A Bandit Framework for Optimal Selection of Reinforcement Learning Agents
This addresses the challenge of efficiently choosing reinforcement learning architectures in practical applications where interactions are expensive, though it is incremental as it builds on existing bandit and agent selection methods.
The paper tackles the problem of selecting the optimal reinforcement learning agent from a set with different inductive biases in costly environments without simulators, by proposing a multi-arm bandit framework that uses surrogate rewards to accelerate selection, and shows it consistently selects the optimal agent after finite steps while collecting more cumulative reward compared to sub-optimal or uniform selection.

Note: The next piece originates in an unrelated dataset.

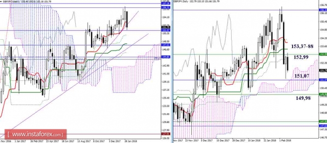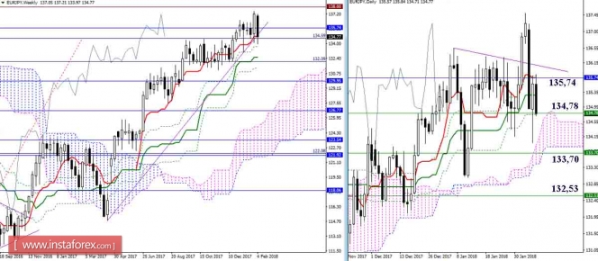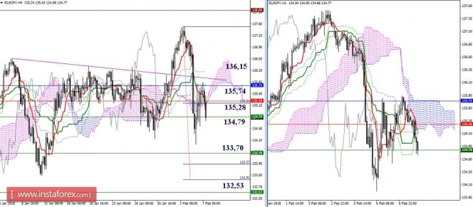Дневной обзор GBP/JPY и EUR/JPY на 07.02.18. Индикатор ИшимокуИнстаФорекс - Instaforex, 7 лет назад GBP/JPY Несмотря на вчерашние попытки игроков на повышение восстановить позиции, стоящий на страже дневного креста (Киджун 153,37 + Тенкан 153,88) недельный Тенкан (152,99) остаётся на стороне медведей. Текущей задачей игроков на понижение является удержание достигнутых позиций, последующим этапом будет служить тестирование поддержек месячного Киджуна (151,07) и недельного Фибо Киджуна (149,98), усиливающих сейчас поддержку дневного облака. Пара находится в зоне восходящей коррекции. Сопротивления сегодня по-прежнему расположены на 152,98 – 153,37 – 153,89 – 154,51. Закрепление выше сформирует новые повышательные ориентиры и потребует новой оценки ситуации. В случае завершения коррекции, ближайшие понижательные ориентиры не изменились 151,07 – 149,98 (уровни старших таймфреймов + цель на пробой облака Н4). EUR/JPY Пара остаётся под ключевым уровнем данного участка 135,74 (месячный Сенкоу Спан А). Перспективы игроков на понижение продолжают упираться в недельный Тенкан (134,78). Преодоление уровня позволит протестировать поддержку дневного облака и откроет дорогу к следующим недельным поддержкам 133,70 (Фибо Киджун) и 132,53 (Киджун). В настоящий момент пара находится в зоне коррекции, продолжая борьбу с уровнями притяжения и сопротивления – 134,78 (недельный Тенкан) – 135,28 (дневной Киджун + крест Н1 + облако Н4) – 135,74 (дневной Тенкан + месячный Сенкоу Спан А + Киджун Н4 + Сенкоу Спан Б Н1) – 136,15 (Фибо Киджун Н4). В случае выхода из зоны восходящей коррекции, ориентирами для снижения будут являться уровни старших таймов (133,70 – 132,53) и цель на пробой облака Н4. Параметры индикатора: все временные интервалы 9 – 26 – 52 Цвет линий индикатора: Тенкан (краткосрочный тренд) – красный, Киджун (среднесрочный тренд) – зелёный, Фибо Киджун – зеленый пунктир, Чинкоу – серый, облака : Сенкоу Спан Б (SSB, долгосрочный тренд) – синий, Сенкоу Спан А (SSA) – розовый. Цвет дополнительных линий: поддержки и сопротивления MN – синий, W1 – зелёный, D1 – красный, Н4 – розовый, Н1 – серый, горизонтальные уровни (не Ишимоку) – коричневый, трендовые линии – фиолетовый. Материал предоставлен компанией InstaForex - www.instaforex.com |

Deep Reinforcement Learning has been shown to be very successful in complex games, e.g. Atari or Go. These games have clearly defined rules, and hence allow simulation. In many practical applications, however, interactions with the environment are costly and a good simulator of the environment is not available. Further, as environments differ by application, the optimal inductive bias (architecture, hyperparameters, etc.) of a reinforcement agent depends on the application. In this work, we propose a multi-arm bandit framework that selects from a set of different reinforcement learning agents to choose the one with the best inductive bias. To alleviate the problem of sparse rewards, the reinforcement learning agents are augmented with surrogate rewards. This helps the bandit framework to select the best agents early, since these rewards are smoother and less sparse than the environment reward. The bandit has the double objective of maximizing the reward while the agents are learning and selecting the best agent after a finite number of learning steps. Our experimental results on standard environments show that the proposed framework is able to consistently select the optimal agent after a finite number of steps, while collecting more cumulative reward compared to selecting a sub-optimal architecture or uniformly alternating between different agents.